**Exercise aim**
Your job is to return the whole listing unchanged while skipping its images.

**Dataset content**
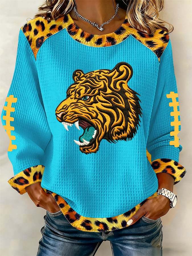 Women's Casual Football Print Long-Sleeve Sweatshirt
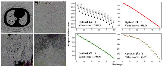 Looking at the graphs in Figure 4 and Figure 5, in the case of cliplimit, it can be seen that the variance value converges in a certain range, and in the case of α (additional brightness), a downward graph is shown. This means that significant computational overhead can occur if an unnecessary iterative process is performed in the process of extracting the optimal value [52].
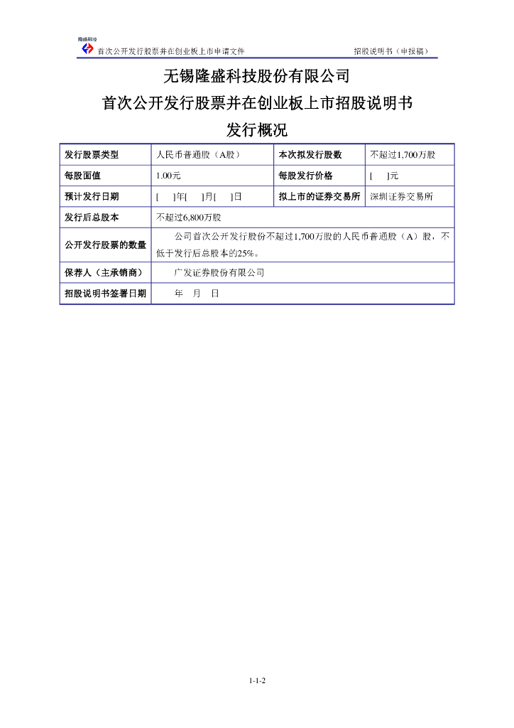 无锡隆盛科技股份有限公司深交所创业板IPO上市招股说明书.pdf

**Reply to the task**
 Women's Casual Football Print Long-Sleeve Sweatshirt
 Looking at the graphs in Figure 4 and Figure 5, in the case of cliplimit, it can be seen that the variance value converges in a certain range, and in the case of α (additional brightness), a downward graph is shown. This means that significant computational overhead can occur if an unnecessary iterative process is performed in the process of extracting the optimal value [52].
 无锡隆盛科技股份有限公司深交所创业板IPO上市招股说明书.pdf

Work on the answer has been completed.